First, download Karpathy's data splits here.
Download the Flickr8k images from here. Put the images in data/flickr8k/imgs/
.
Place the Flickr8k data split JSON file in data/flickr8k/
. It should be named dataset.json
.
Run python generate_json_data.py --split-path='data/flickr8k/dataset.json' --data-path='data/flickr8k'
to generate the JSON files needed for training.
If you want to use pre-trained BERT embeddings (bert=True
), additionally run python generate_json_data_bert.py --split-path='data/flickr8k/dataset.json' --data-path='data/flickr8k'
to generate the BERT-tokenized caption JSON files.
Download the COCO dataset training and validation images.
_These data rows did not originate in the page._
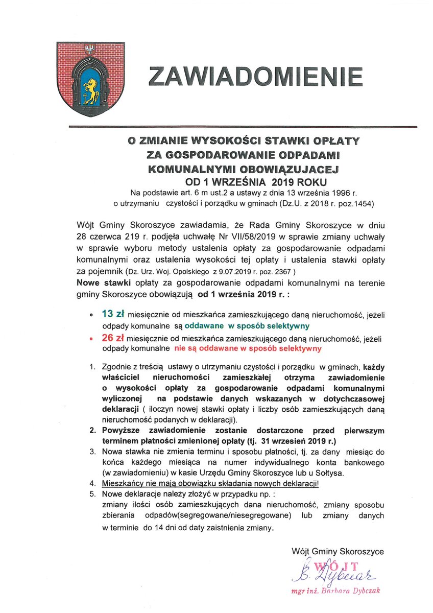 ZMIANA WYSOKOŚCI STAWKI OPŁATY ZA GOSPODAROWANIE ODPADAMI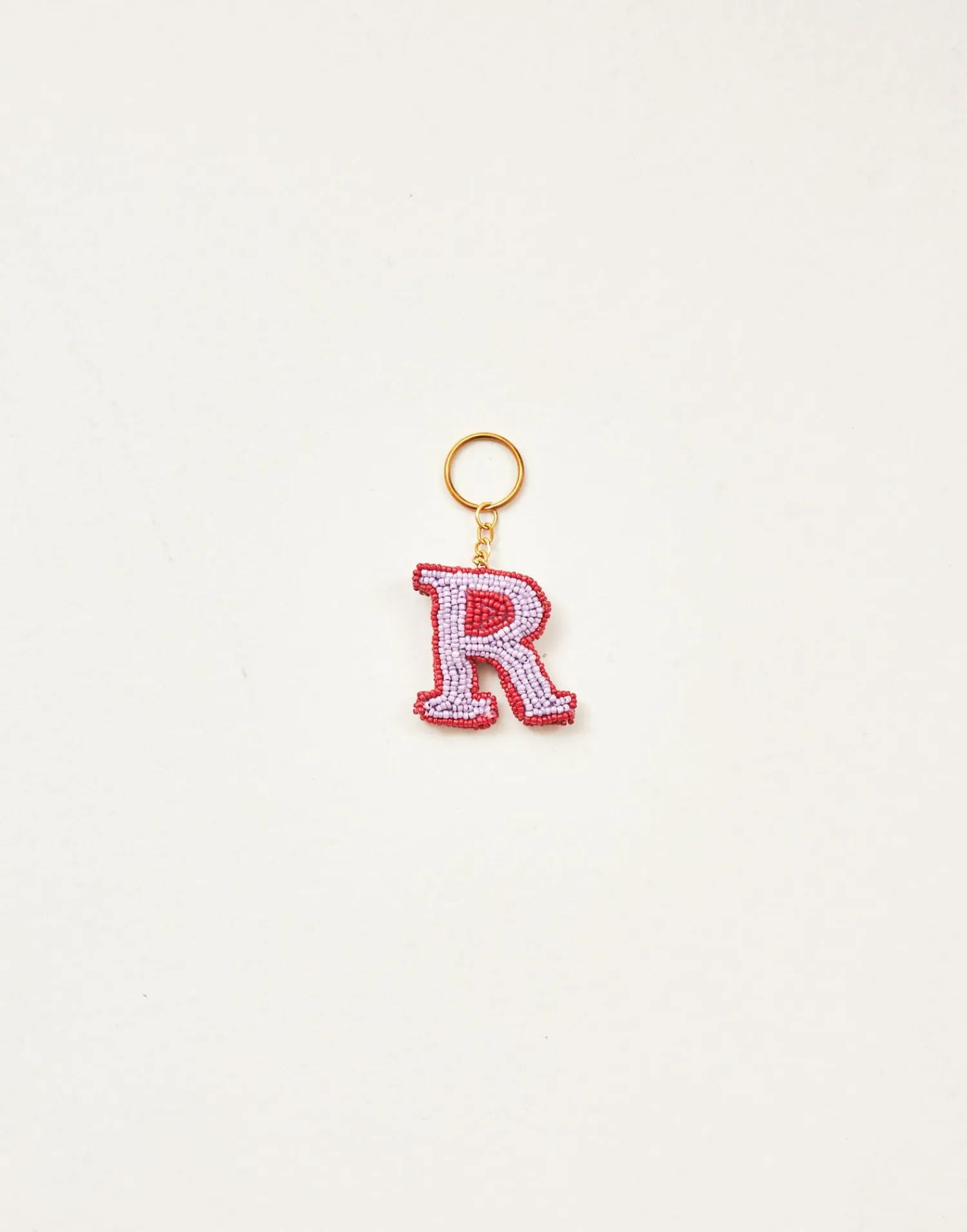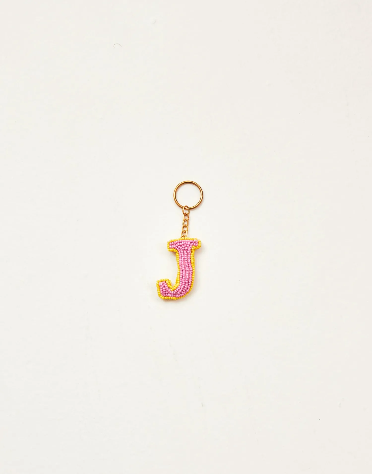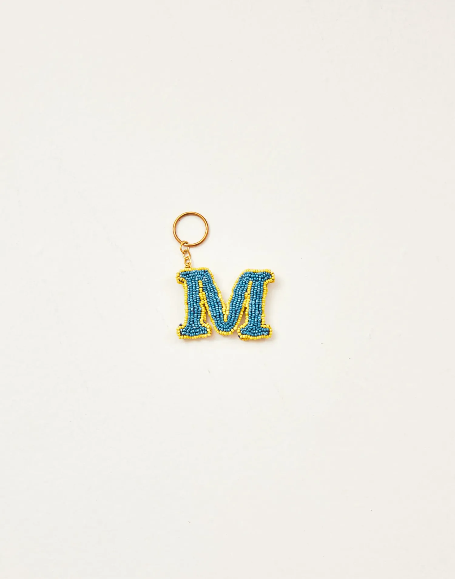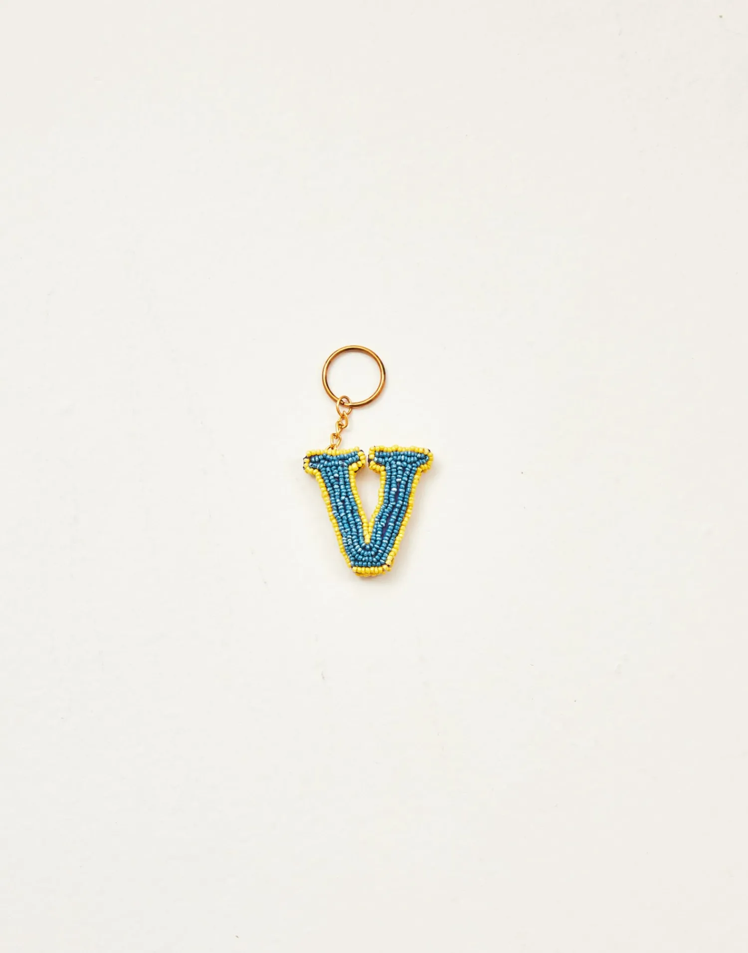 Llavero de letras hechas con cuentas de vidrio acabado con cadena y arandela.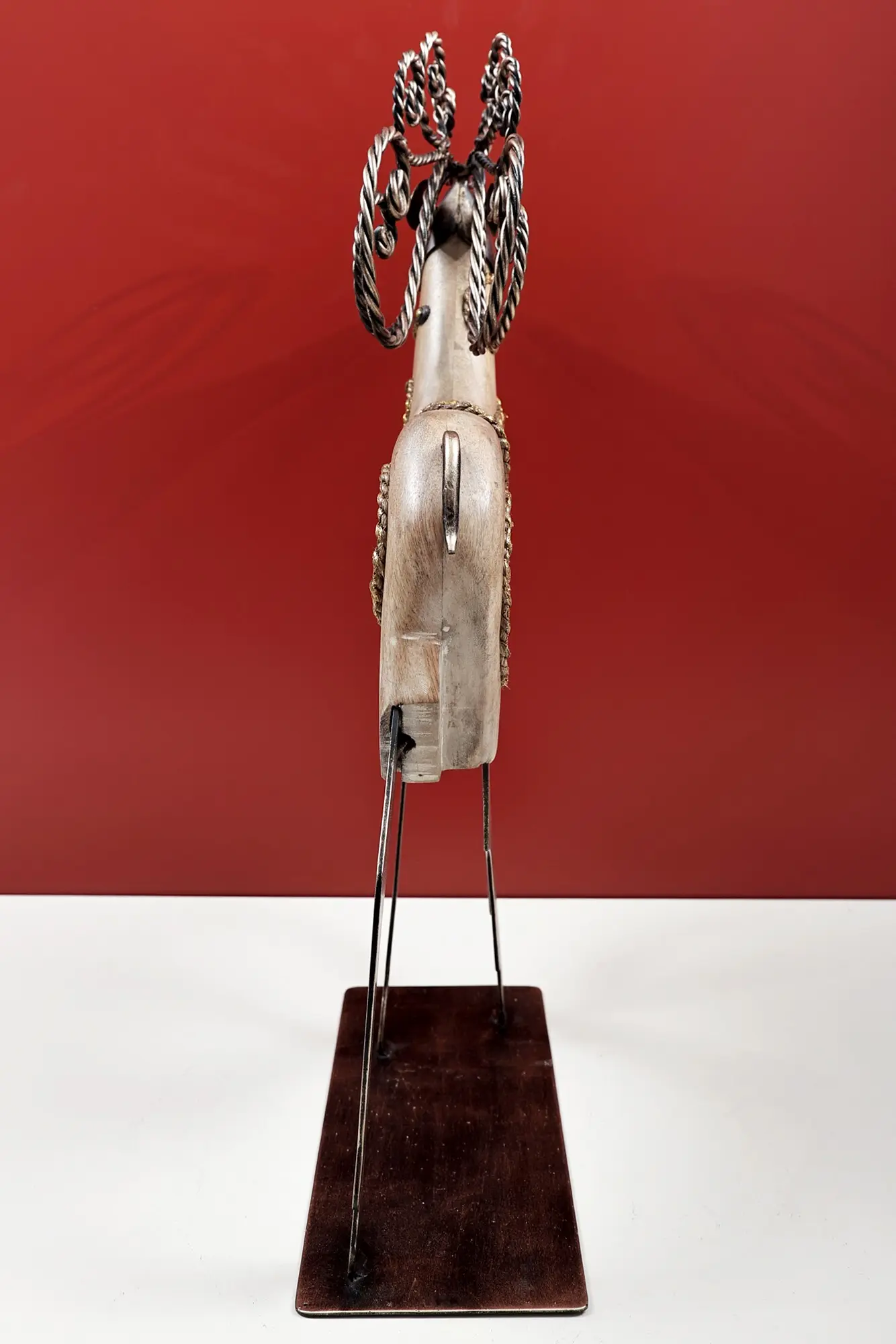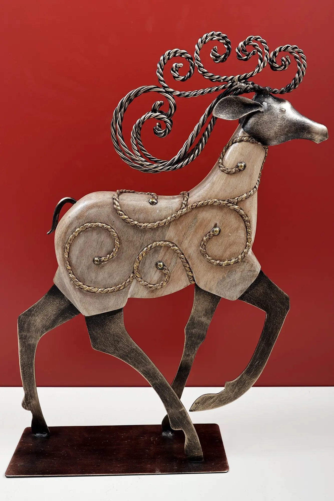 Evoke a sparkly ambience with this golden reindeer environed in wood and iron. This refined décor is built of enchanting wood from the forest beauty. With its outstanding compelling appeal and understated elegance, this piece instantly adds character to any area. Notice the curvaceous antlers that grow with season looks exquisite in design. Enhance your living room with an auriferous theme decor that is designed to meet the classiness of your living room. Allow the tranquil reindeer to reenergize your Christmas spirit which would engage you with your festive mood.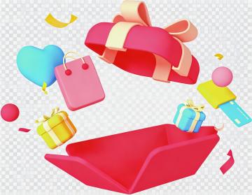 一个具有电商促销感的3D渐变风格插画,以白色为背景,主体是一个带有柔和蓝紫渐变色调的方形礼盒,礼盒顶部敞开,露出里面的红包、优惠券和金币,礼盒下方有一个蓝紫渐变的按钮,周围有多个红包和金币以动态悬浮的方式环绕,整体画面采用明亮的光影效果,带有轻微的发光边缘和高光细节,营造出欢快、喜庆的促销氛围,保持简洁的构图和清晰的视觉层级,色彩过渡平滑自然,充满现代设计感。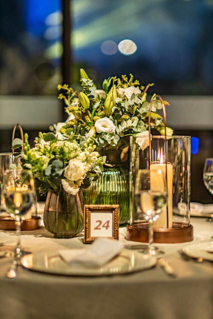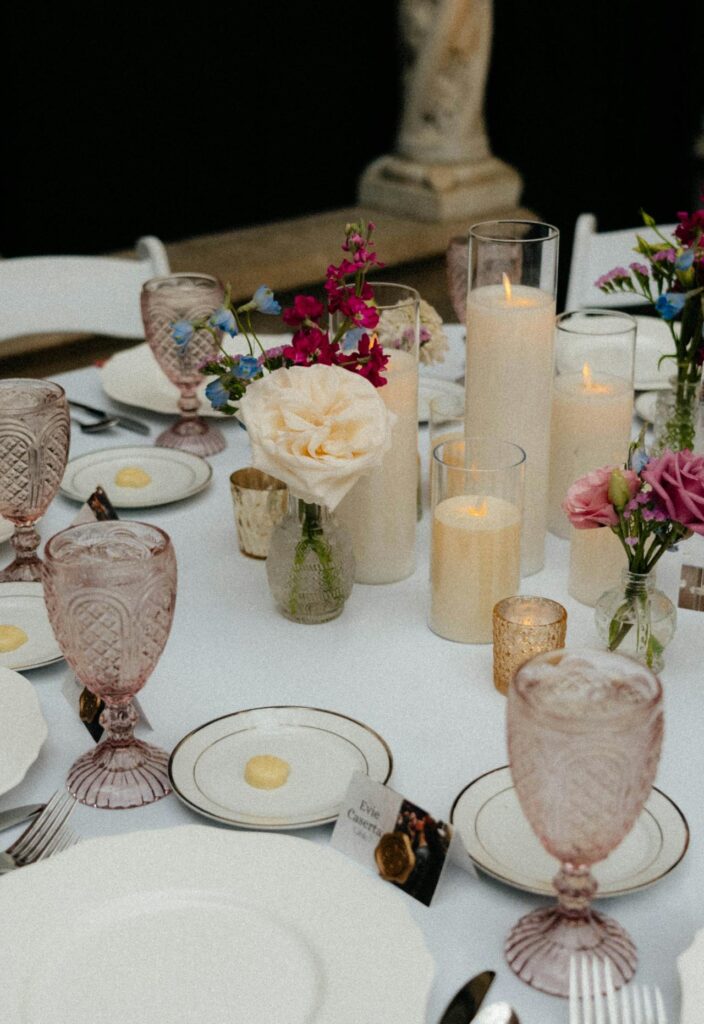 You can lay the garland loosely across the table and tuck in small flowers or candles to fill it out. Eucalyptus also holds up well throughout a long reception without wilting quickly, which makes it a practical choice on top of being a beautiful one.

Put them in data/coco/imgs/train2014
and data/coco/imgs/val2014
respectively.
Put the COCO dataset split JSON file from Karpathy in data/coco/
. It should be named dataset.json
.
Run python generate_json_data.py --split-path='data/coco/dataset.json' --data-path='data/coco'
to generate the JSON files needed for training.
Start the training by running:
python train.py --data=data/flickr8k
or to make a small test run:
python train.py --data=data/flickr8k --tf --ado --attention --epochs=1 --frac=0.02 --log-interval=2
The models will be saved in model/
and the training statistics are uploaded to your W&B account.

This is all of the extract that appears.